Limpy, Lumpy and Shaky

Today Whiplash became part-owner of a poor abandoned little dog who got run over and now only has three legs

also we were visited by a friend who is looking after two dogs, one with tumours on it's face, the other one trembles uncontrollably.

Wednesday, October 29

Had supper with Whiplash last night



Dessert was divine


Whiplash is the châtelaine of an apartment block and is currently following the gardening contractors around to see if they actually do anything.

Next week or soon after she and another woman will be helping a friend give birth.

I've made an infusion of clary sage to mist her with once the contractions get going, Lisa's going to massage her face with a blusher brush

There's a soundtrack, when she gets to the last bit she wants to push it out to Led Zeppelin

they visited the birthing suites at the maternity hospital - all the other pregnant women were accompanied by men

We looked a right set of lezzers so I kept mentioning that the father was planning to be there too


Friday, September 30

Service Will Resume Shortly


Miss Whiplash drew up a schedule with lists and addenda of all the things that needed to be done by the end of today.

Tomorrow I shall sleep for a few days and then I'll go to Portugal to eat and have fun, I'll probably have something to say about that here.

Thursday, July 28

Camping Queen



I'm hoping that I’ll have time to borrow a human this weekend.


Getting home from the Azores three weeks later than planned meant that I’ve had to cram the start of a new building project and catching up with five-weeks worth of office stuff into three and a half days before heading off to work at WOMAD for the weekend.

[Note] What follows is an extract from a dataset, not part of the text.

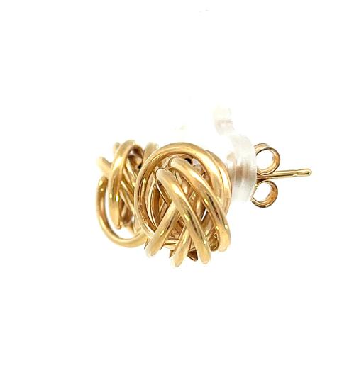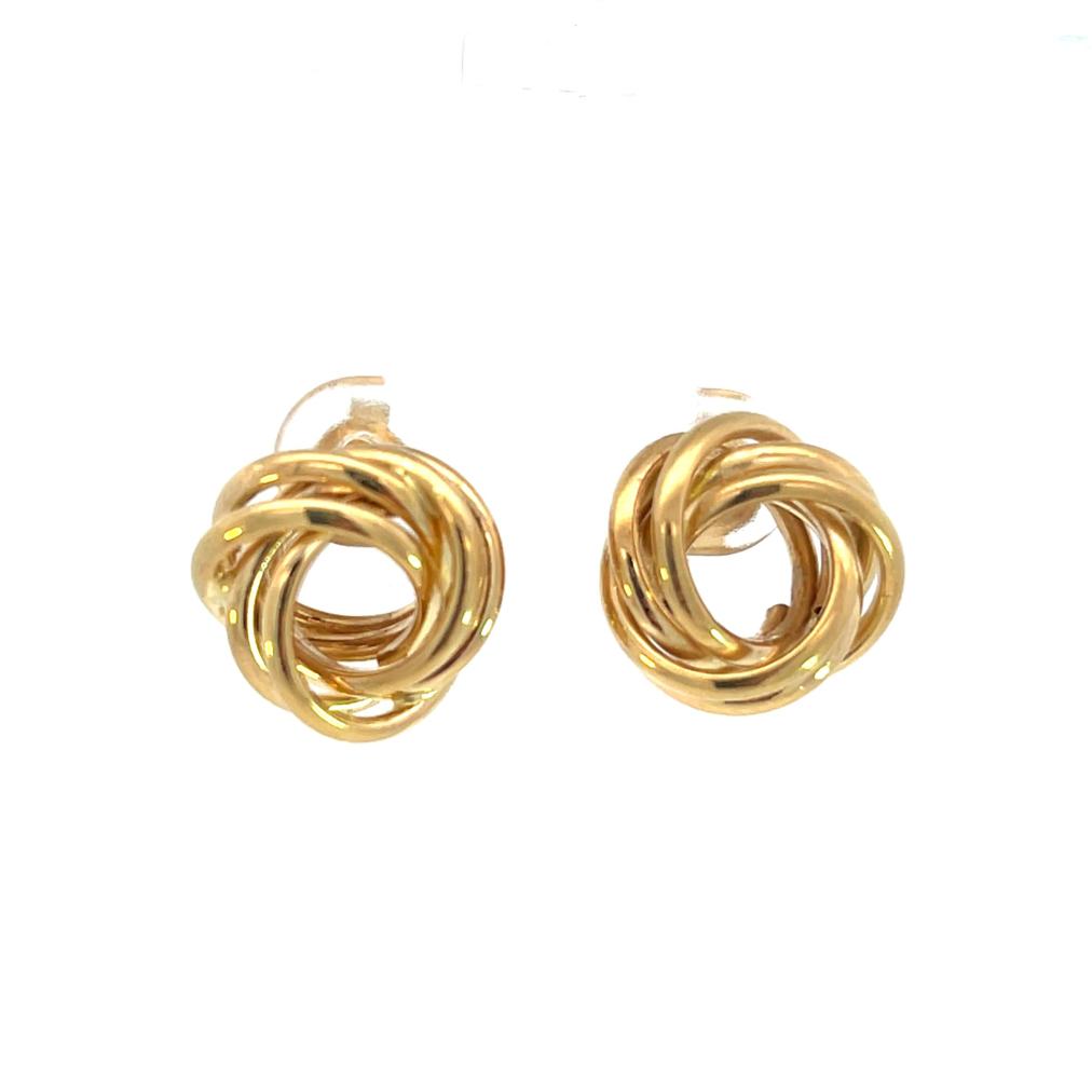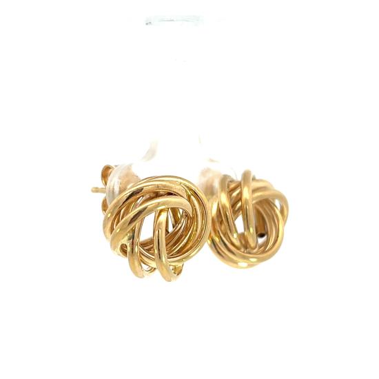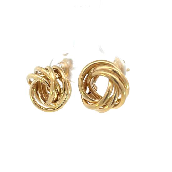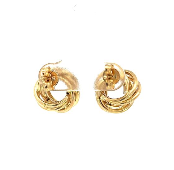 Zlaté náušnice o ryzosti 585/1000, punc labuť. Váha 3,45 g, průměr ozdoby 14 mm.
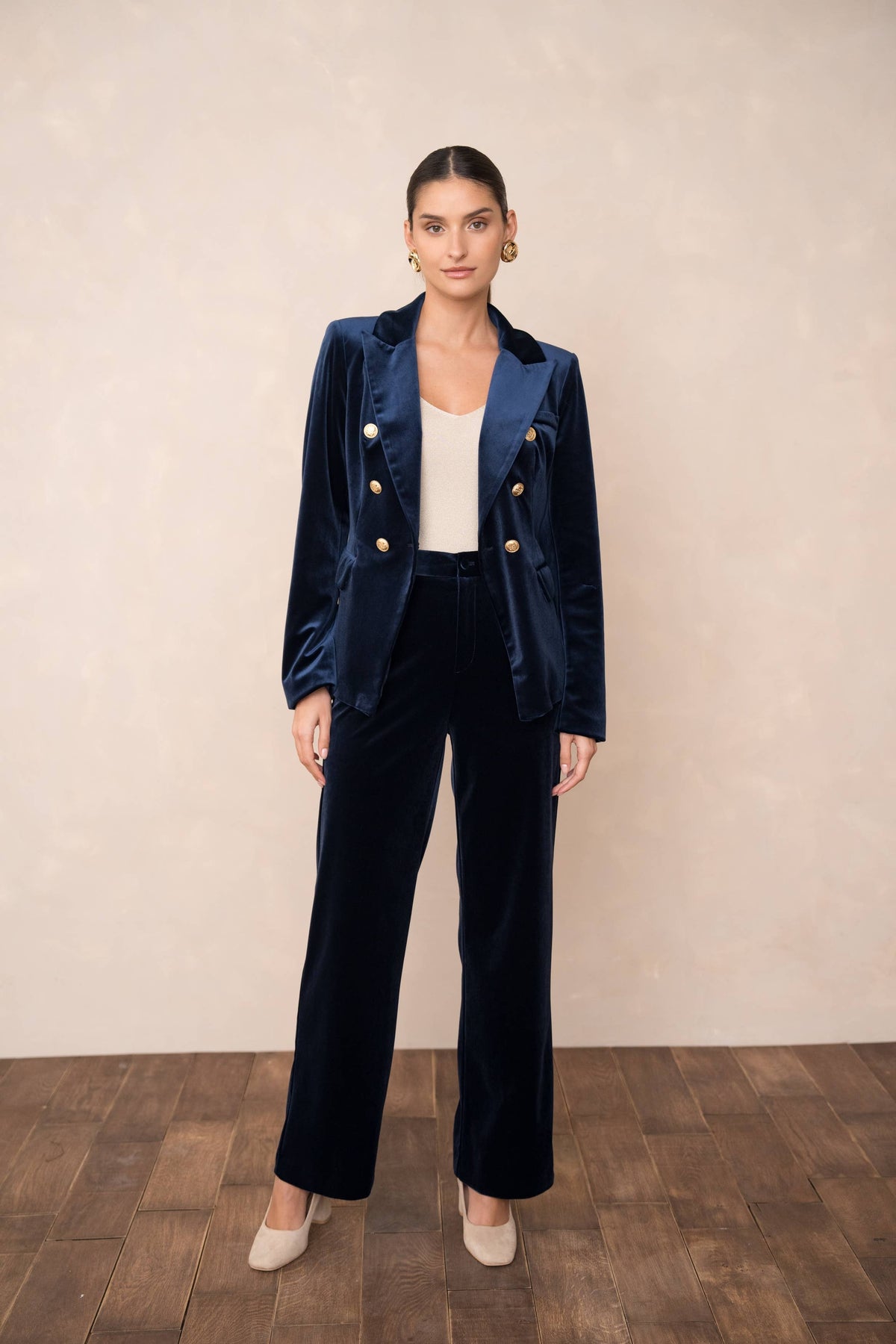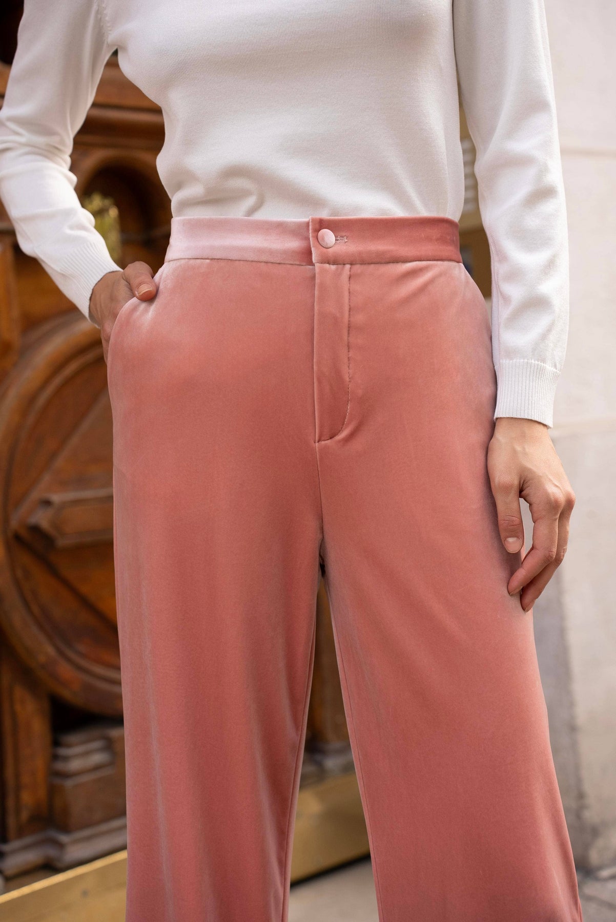 Stunning velvet trousers: straight cut - side pockets - front button closure. You will be ready for any holiday event, gathering or special evening.

I love everything about WOMAD festivals except the camping, tents make my face go funny and I can never sleep in the things, however, if I want to do this job I have no choice and I love this job. Miss Whiplash lent me her little red tent for easy popability and I arrived early to pop it up in what seemed to be an advantageous place - near some rather posh-looking tents. I then went off to go and do some preparation for the weekend and came back a few hours later to see that the posh-looking tents have been assigned – I checked the tags on the tents to either side of mine.

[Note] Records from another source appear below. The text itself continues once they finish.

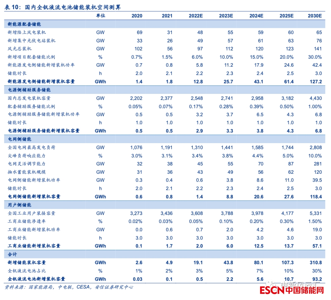 我們測算2025/2030年國內(nèi)儲(chǔ)能新增裝機(jī)規(guī)模有望達(dá)到107/311GWh,全釩液流電池潛在裝機(jī)空間或超10/90GWh。從結(jié)構(gòu)上來看,我們預(yù)計(jì)十四五期間新能源配套儲(chǔ)能將率先放量,電網(wǎng)側(cè)、用戶側(cè)儲(chǔ)能則將隨后大規(guī)模啟動(dòng),具體假設(shè)與測算如下。
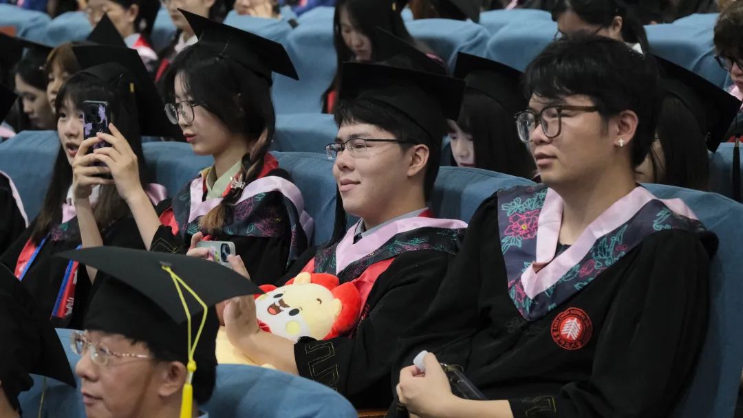学位授予仪式上,教师代表们为毕业生们拨穗并颁发学位证书。
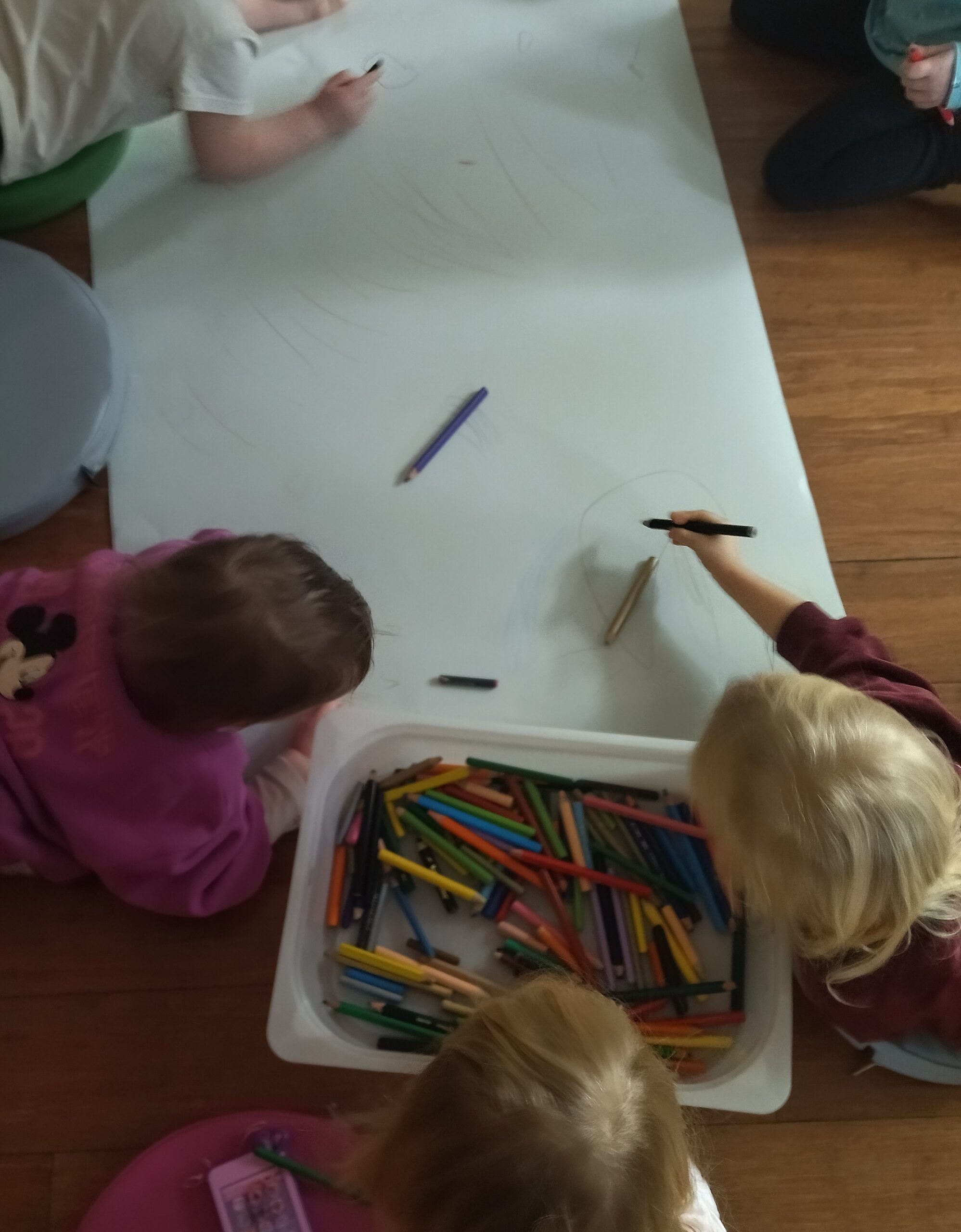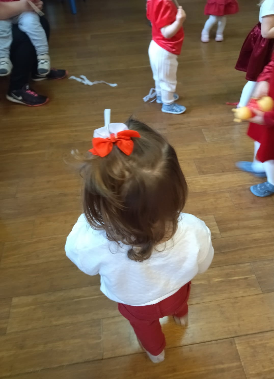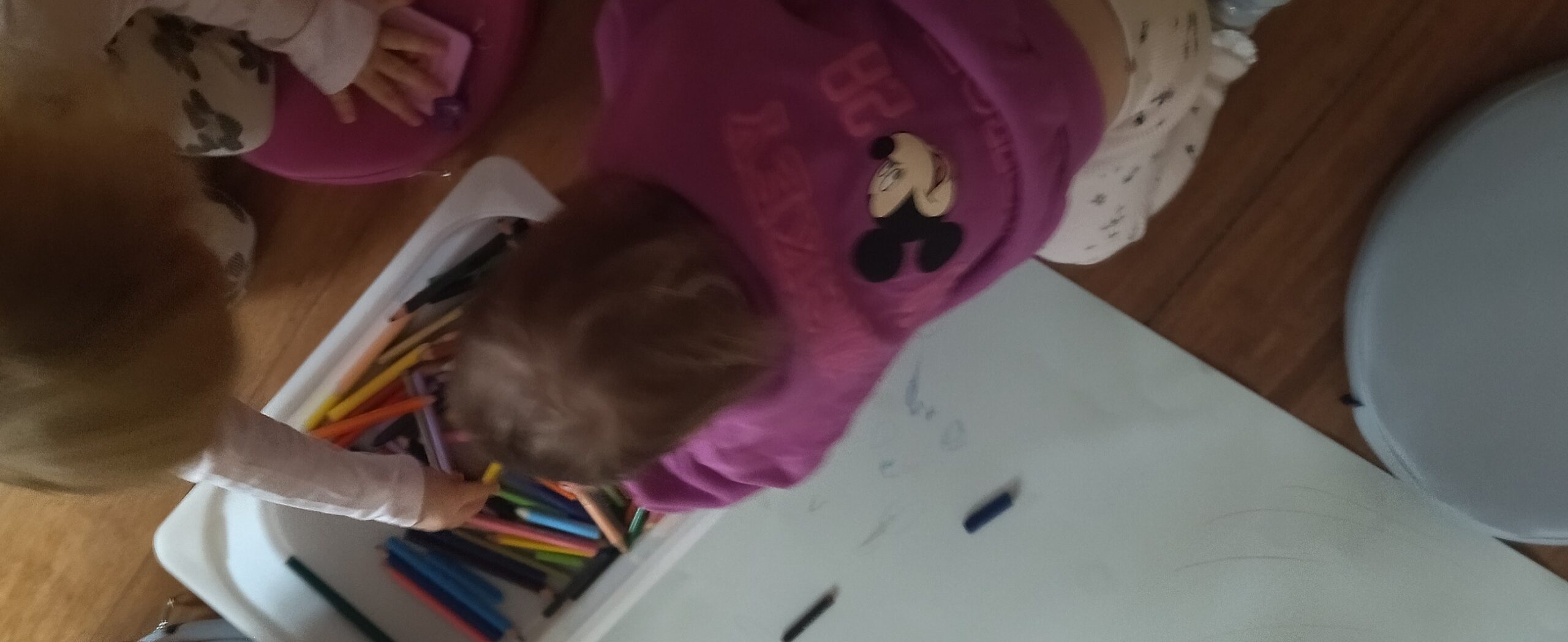 – zabawy ruchowe przy piosence ,, Kolorowe Kredki ‘’ – naśladowanie ruchów opiekunki , próby taneczne w parach

I checked them out on Youtube, I don't think it'll be so bad - here’s one of them



BBC Radio 3 will be broadcasting some of the music from WOMAD.

Thursday, June 23

Praying To Edna



Miss Whiplash and Girl Wonder have organised our squid-hunting trip. Without them there would be no expedition.

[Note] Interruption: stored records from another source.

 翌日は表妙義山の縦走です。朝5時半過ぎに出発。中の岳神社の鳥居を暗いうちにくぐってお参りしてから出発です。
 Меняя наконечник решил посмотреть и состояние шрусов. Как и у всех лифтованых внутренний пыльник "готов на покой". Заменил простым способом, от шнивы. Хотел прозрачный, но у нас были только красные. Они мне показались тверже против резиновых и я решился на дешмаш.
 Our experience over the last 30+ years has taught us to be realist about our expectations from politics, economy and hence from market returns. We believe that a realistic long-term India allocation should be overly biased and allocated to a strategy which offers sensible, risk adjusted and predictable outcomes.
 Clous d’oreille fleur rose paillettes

I have talked about Whiplash in previous posts, she is very tall and good at sums and when she is not in trouble with the police she runs our film company with a rod of iron. Miss Whiplash also sings in a band. This weekend she is off to play at Glastonbury and somewhere between handing me the call sheet for the trip and telling me that she had ten packets of Betty Crocker mix at home which had to be turned into hash cakes by the morning she advised me to pray to Goddess Edna, I misheard this before I looked it up, so forever in my mind we will be asking Edna's help in our quest to find a Giant Squid before the end of July.

Accounts of Edna's life vary, she was an Inuit with an abusive father who was desperate to marry her off to the highest bidder. In some accounts, having realised that he'd married her to a 'bird creature' Edna's father tries to rescue her, this involves throwing her into the sea. Other versions have it that the father is so enraged by Edna's refusal to obey him that he throws her into the sea. Either way Edna always tries to rescue herself by climbing into her father's kayak and he chops off her frozen fingers. Edna falls to the depths of the ocean turning into a sea animal as she plummets. Edna's fingers grow into seals and whales and polar bears and Edna becomes the ruler of sea monsters.

the image is one made by my new favourite artist Ningeokuluk Teevee

Tuesday, June 7

Getting a Reputation


Bristol gets in the news now and again it’s always interesting to see which bits of information stick.

Miss Whiplash stayed late in the office last night, waiting for one of our cameras to be returned by a French company who had been using it to film bats in Nicaragua.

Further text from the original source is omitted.